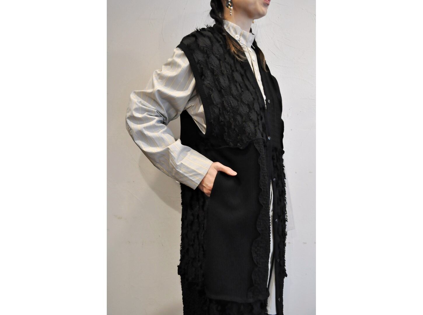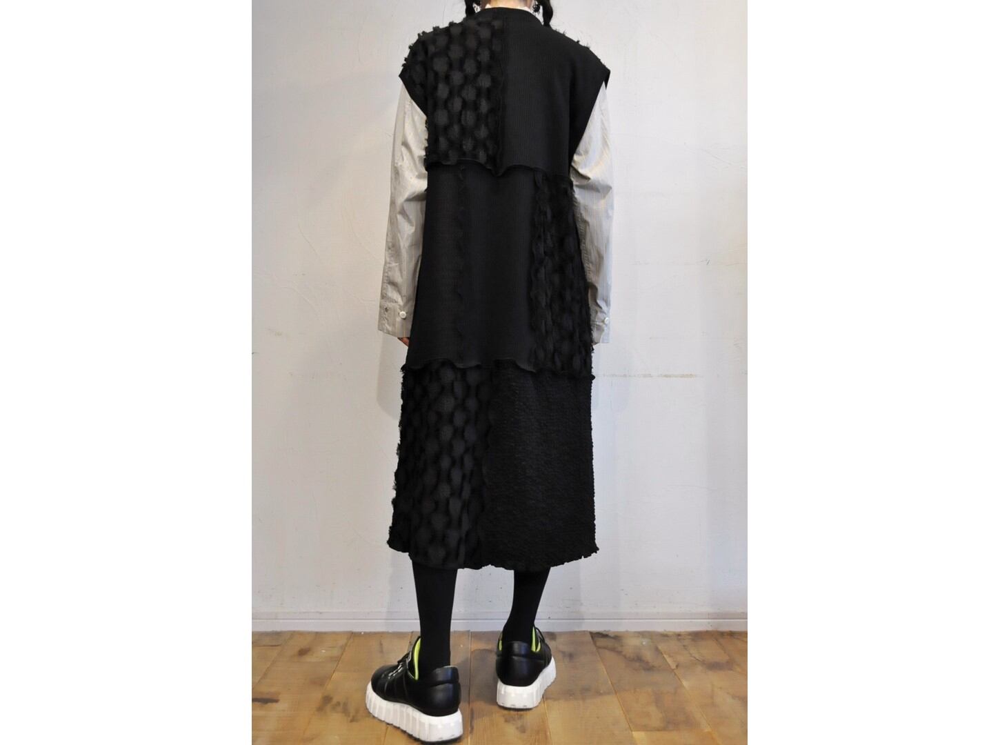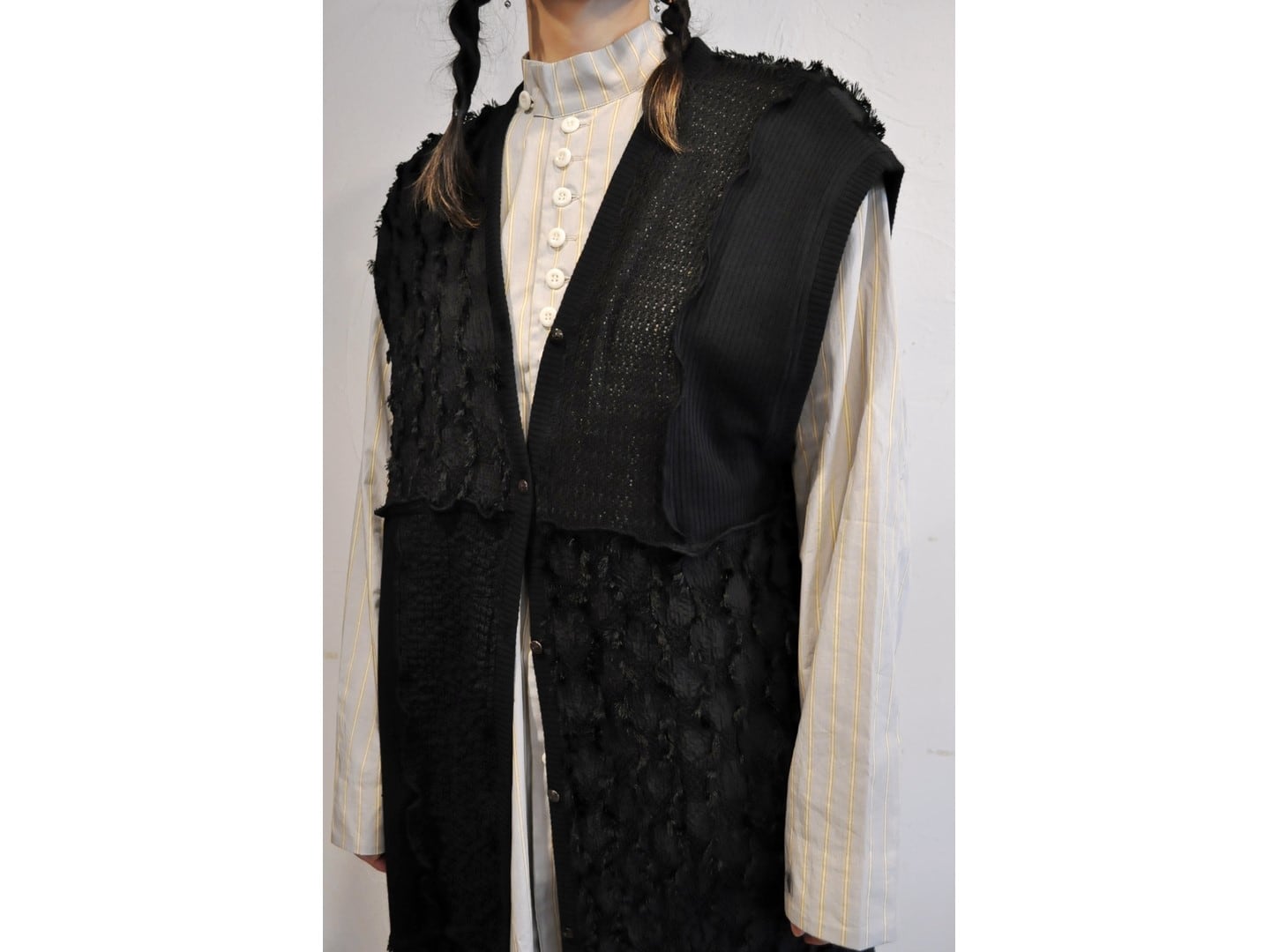 ●ざっくりとした編み地や凹凸のあるニット、リブ素材など、異なる表情のニットを組み合わせて仕立てたロングジレ。
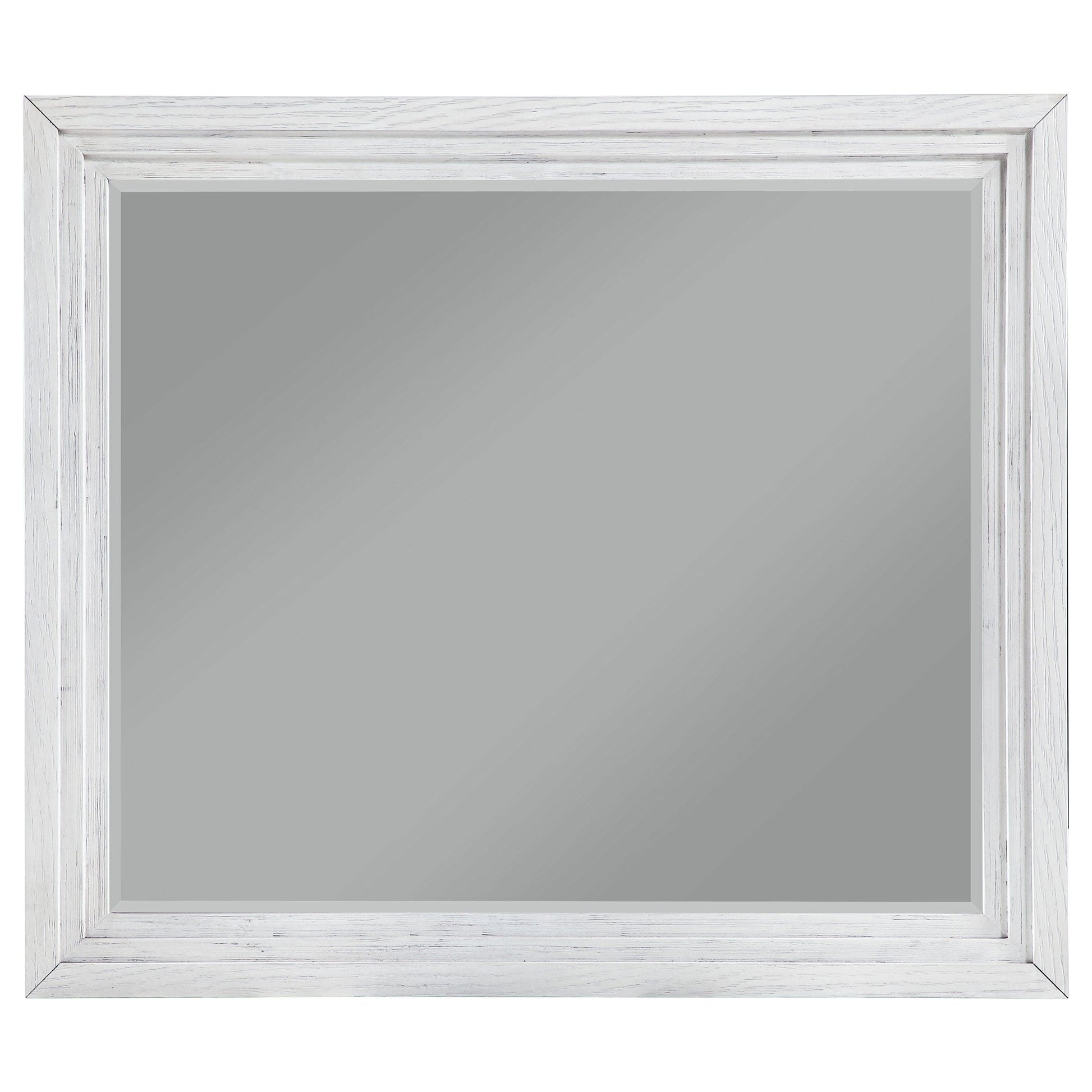 • A transitional dresser mirror features a rectangular silhouette and adds dimension and depth
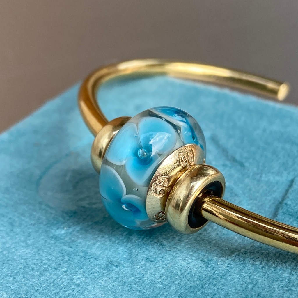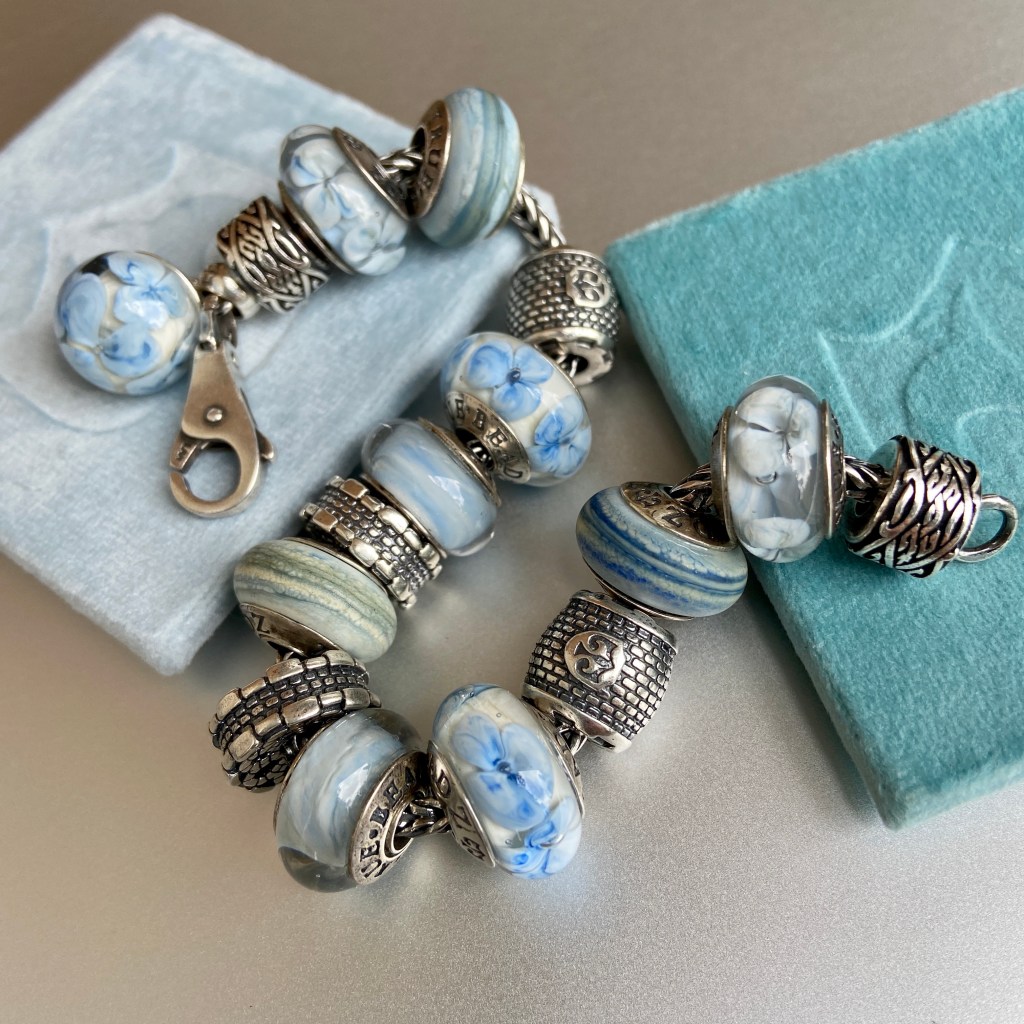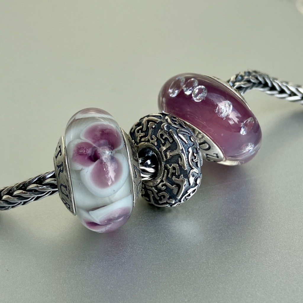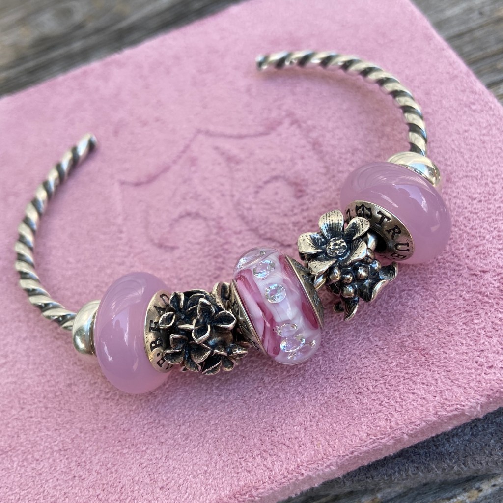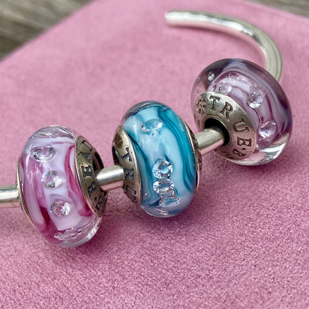 At the last True Beadz online event, I saw some beads that had me drooling. Someone else snapped them up before I could buy them (you know who you are!😀) and so I asked Julia if they could be replicated in the Made to Order purchasing option. The beads had an ivory base with the Marmor coloured glass in a blossom. They are so beautiful!
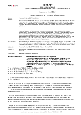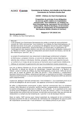 Proposition du principe d'une délégation de service public relative à l'exploitation commerciale "hors billetterie" au château du Haut-Koenigsbourg, regroupant les activités de restauration, librairie-boutique, et lancement du projet de restauration et d'aménagement des espaces dédiés (études et travaux)
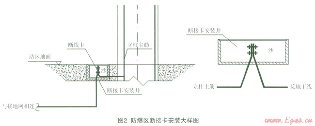 屋面避雷帶及接閃短桿均與建筑物鋼筋混凝土立柱內(nèi)主筋相焊接,鋼筋混凝土立柱內(nèi)(兩根不少于Æ16)主鋼筋做引下線(引下線采用綁扎連接),與接地網(wǎng)作可靠電氣連接。作引下線的立柱應(yīng)沿建筑物四周均勻布置,間距不得大于18m。很多設(shè)計員存距地面0.3m~0.5m的立柱上設(shè)斷接卡與站內(nèi)的人工接地網(wǎng)相連接,但壓縮機間、工藝罩棚立柱周圍都處于防爆區(qū),在防爆區(qū)內(nèi)直接設(shè)置斷接卡存在很大的安全隱患,所以防爆區(qū)內(nèi)引下線斷接卡應(yīng)采用防爆接線盒安裝,并用防爆膠泥密封,或者是設(shè)置在地面上,用干沙填實。尤其是LNG場站更需注意,因為LNG泄漏后迅速氣化而形成的低溫氣體比重較大,會聚集在地面附近,遇到斷接卡放電時極易發(fā)生爆炸。
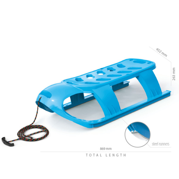 Az acél talpak kiváló csúszási tulajdonságokat biztosítanak, a beépített húzókötél pedig megkönnyíti a szánkó szállítását. Az ergonomikus kialakítás és a megerősített műanyag váz hosszú évekig tartó használatot garantál.
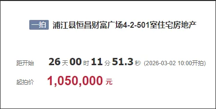 在2025年7月25日浦江县恒昌·财富广场2-2-901室住宅房地产拍卖,以128.478万元成交,据悉:财富广场2-2-901室住宅房地产建筑面积为140.84平米,折合9122元/平米。
####
> **EXERCISE DETAILS**: Please leave out the pictures as you reproduce the lines exactly, from the first line of the entries through the line containing "Proposition du principe".

> **FINAL ANSWER**:
 ●ざっくりとした編み地や凹凸のあるニット、リブ素材など、異なる表情のニットを組み合わせて仕立てたロングジレ。
 • A transitional dresser mirror features a rectangular silhouette and adds dimension and depth
 At the last True Beadz online event, I saw some beads that had me drooling. Someone else snapped them up before I could buy them (you know who you are!😀) and so I asked Julia if they could be replicated in the Made to Order purchasing option. The beads had an ivory base with the Marmor coloured glass in a blossom. They are so beautiful!
 Proposition du principe d'une délégation de service public relative à l'exploitation commerciale "hors billetterie" au château du Haut-Koenigsbourg, regroupant les activités de restauration, librairie-boutique, et lancement du projet de restauration et d'aménagement des espaces dédiés (études et travaux)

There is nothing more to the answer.